5.3 The Treatment-Opioid-Domain Devastation Cascade

Chemotherapy damages the gut and nerves. Pain from the disease and the treatment necessitates opioids. Opioids suppress testosterone, cortisol, and growth hormone. Hormonal depletion worsens cachexia and impairs immune function. Opioid-induced constipation worsens the gut already damaged by chemotherapy. Immune suppression from opioids compounds the immunosuppression from chemotherapy. Deconditioning from opioid sedation and pain-limited activity worsens metabolic and structural domains. Each treatment layer addresses one problem while creating or worsening another. The cancer patient accumulates domain insults from the disease, from each treatment modality, and from each medication, producing a progressive biological deterioration that accelerates with each treatment cycle.

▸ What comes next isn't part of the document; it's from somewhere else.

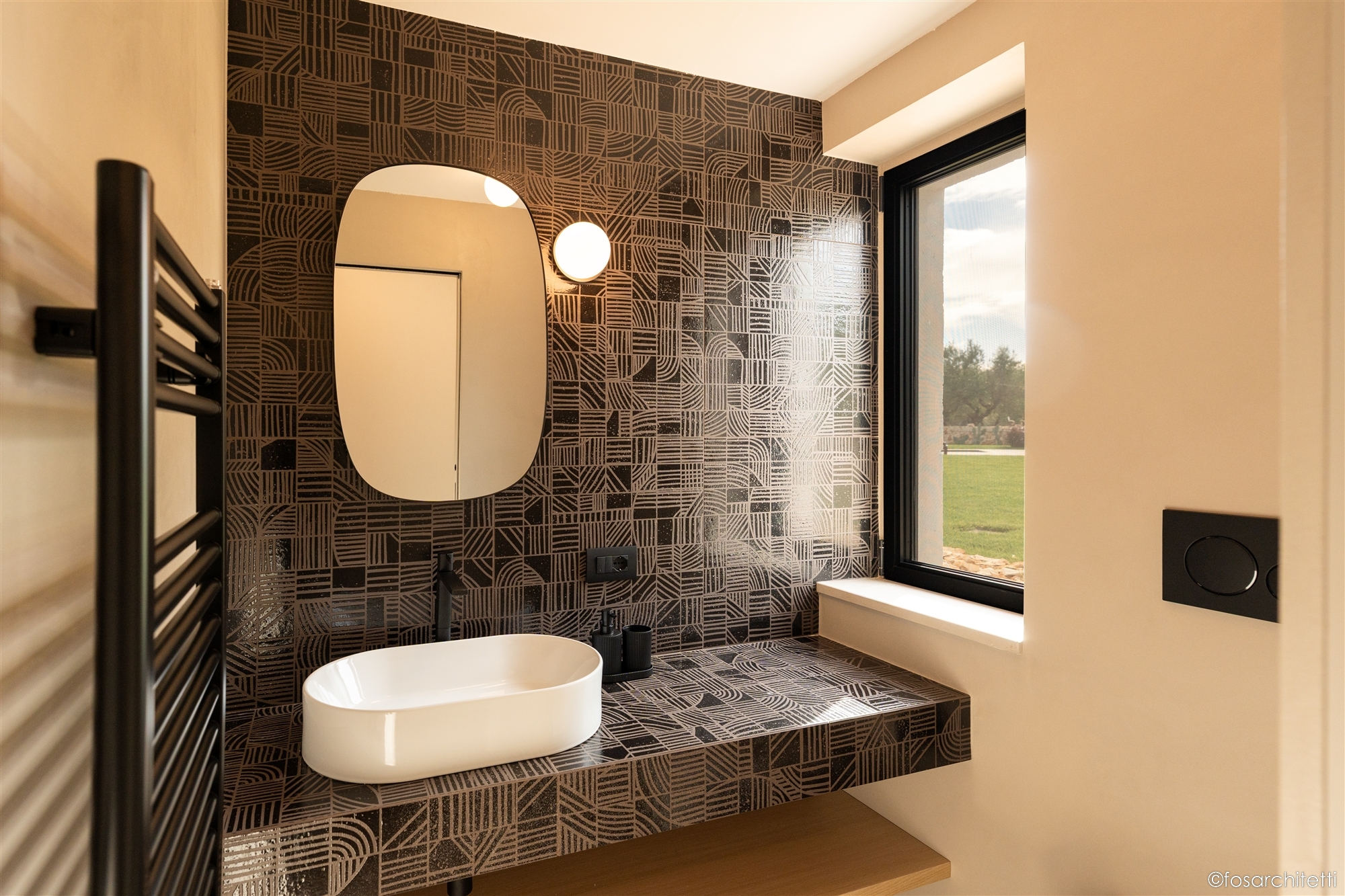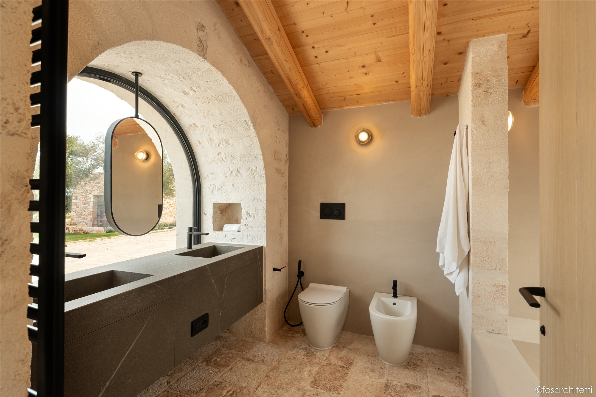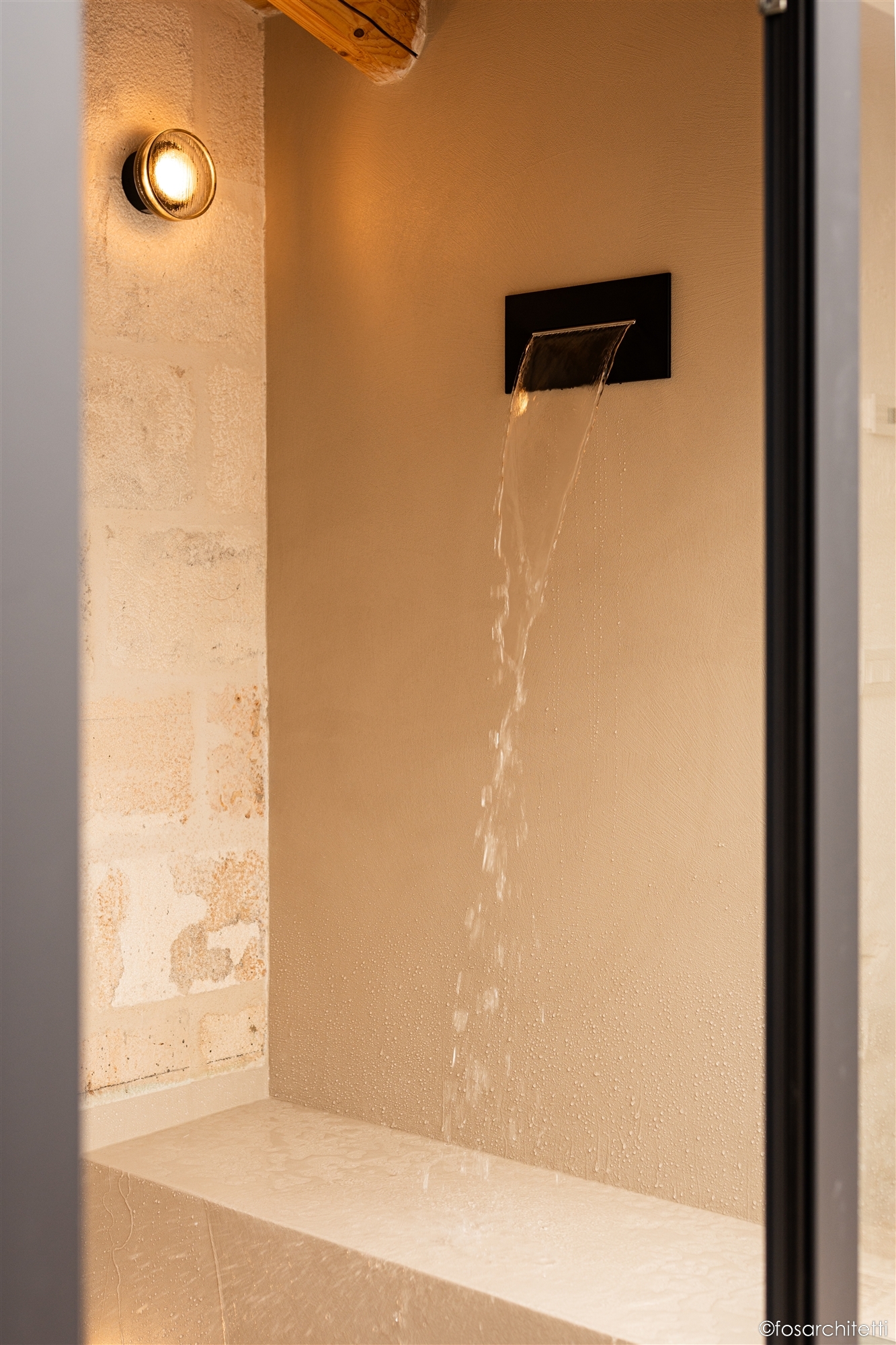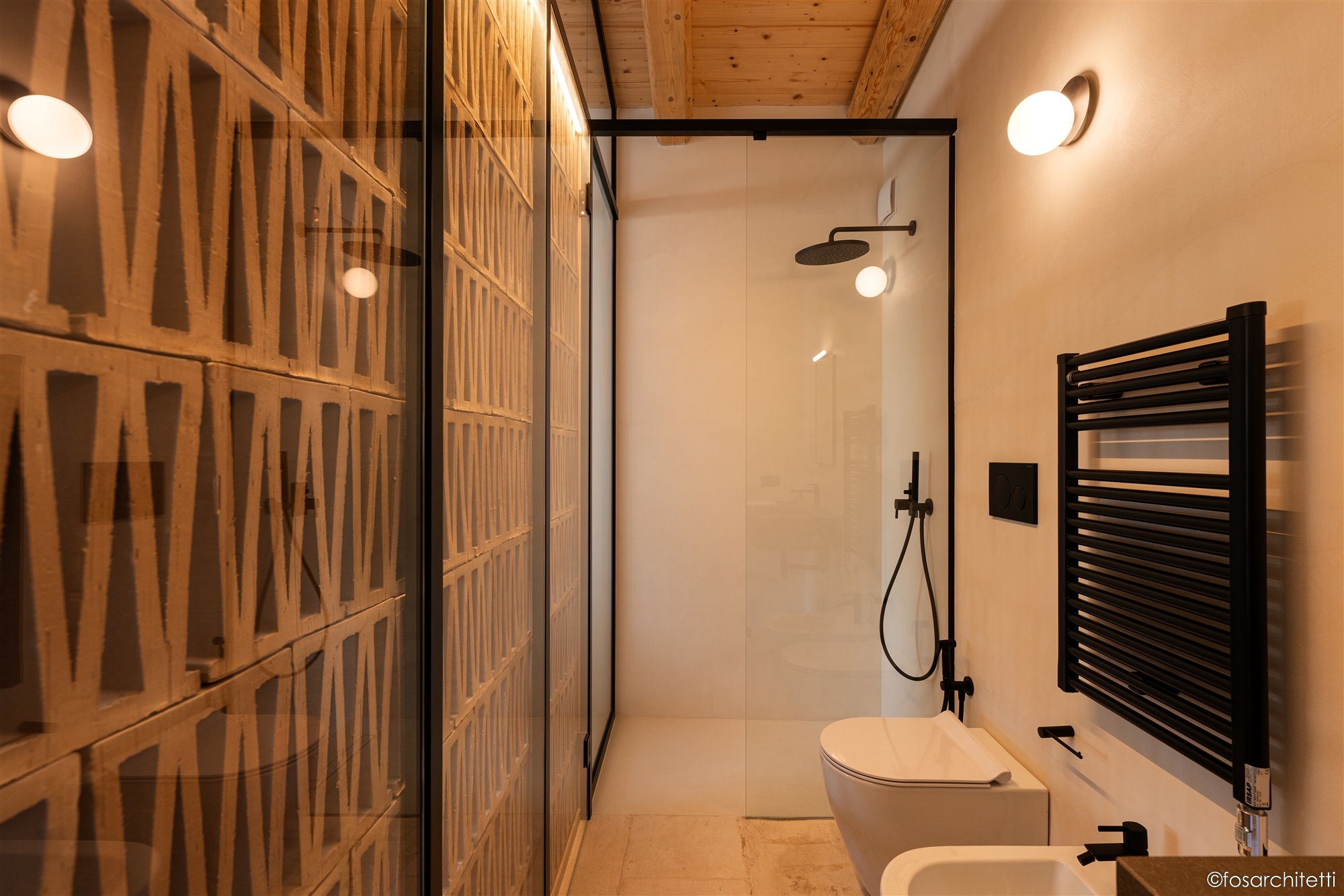 Il recupero delle murature in pietra e delle volte originarie restituisce l’autenticità del luogo, mentre un linguaggio progettuale contemporaneo introduce ambienti essenziali, raffinati e calibrati sul comfort. Gli interni, definiti da arredi su misura, palette cromatiche essenziali e materiali sobri creano un dialogo equilibrato tra passato e presente.

6. Clinical Scenarios: Individualized Domain-Targeted Supportive Care

The following composite clinical scenarios illustrate how cellular systems theory guides domain-targeted supportive care alongside oncologic management. All laboratory values represent plausible clinical findings. All interventions are intended to complement, not replace, oncologic treatment.

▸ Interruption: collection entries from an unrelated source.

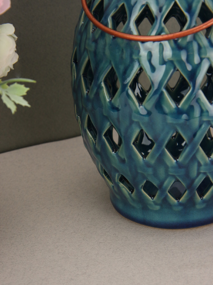 Керамический фонарь станет прекрасным дополнением к интерьеру как городской квартиры, так и загородного дома.
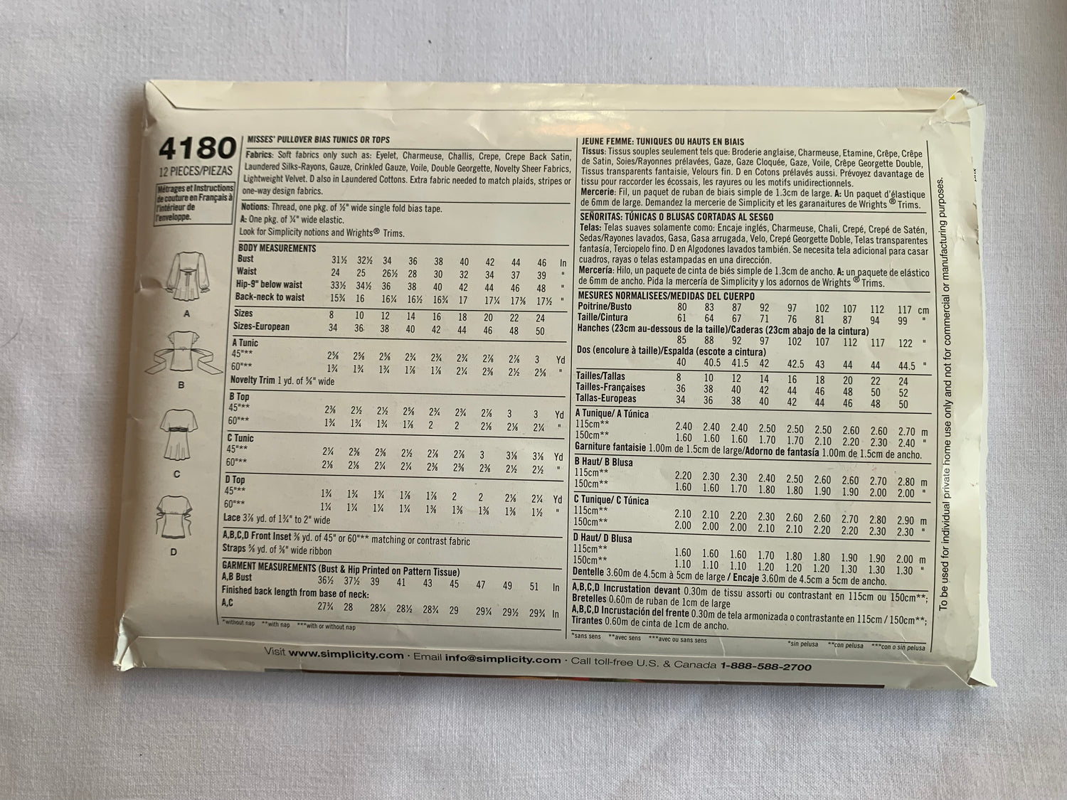 Simplicity Sewing Pattern 4180 Misses' Tunic, Top, Pullover, Long/Short Sleeves, Tie Back, Size 8-12, Cut, 2006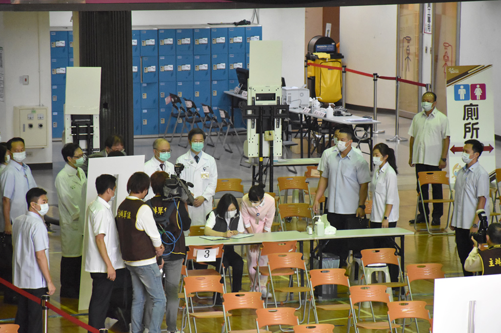 蔡英文約7時27 分 抵達現場,精神看起來十分不錯,體溫36.9度,在報到完後,接受醫生說明接種高端疫苗的注意事項。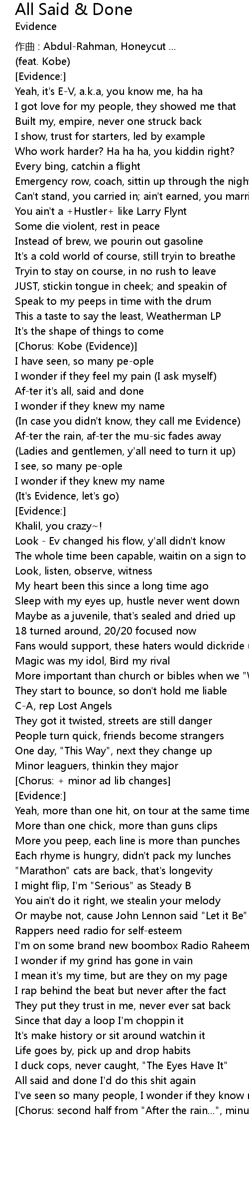 | [Chorus: second half from "After the rain...", minus ad libs] |

6.1 Patient A: CIPN During Active Chemotherapy

Presentation: 58-year-old woman receiving oxaliplatin-based FOLFOX chemotherapy for stage III colon cancer. After cycle 8 of 12, she has developed progressive numbness and burning pain in both hands and feet (CIPN grade 2). Oncologist is considering dose reduction, which would compromise tumor response. Reports fatigue 8/10, poor sleep, and anxiety about losing function. Pain 6/10 in hands and feet. Currently taking gabapentin 600 mg TID with modest benefit and significant drowsiness.

Domain Assessment — Laboratory Findings: Fasting insulin 14 µIU/mL (mildly elevated). Vitamin D 16 ng/mL (deficient). Omega-3 index 2.0% (critically low). RBC magnesium low. Vitamin B12 low-normal. Organic acids showing markers consistent with mitochondrial dysfunction and elevated 8-OHdG (oxidative DNA damage). hs-CRP 4.2 mg/L (elevated). Microbiome analysis showing reduced diversity with depleted Lactobacillus (consistent with chemo-induced dysbiosis).

Domain Interpretation: This patient demonstrates the chemotherapy-mitochondrial-neural cascade. Mitochondrial dysfunction markers confirm the mechanism driving her CIPN. Critically deficient vitamin D, omega-3, and magnesium remove neuroprotective substrates. Gut dysbiosis may be amplifying CIPN through the LPS-TLR4 pathway documented for oxaliplatin. Gabapentin addresses calcium channel modulation without addressing mitochondrial damage, oxidative stress, or neuroinflammation. Dose reduction is clinically reasonable but comes at the cost of potentially reduced tumor response. Domain-targeted support may preserve nerve function enough to complete the chemotherapy course.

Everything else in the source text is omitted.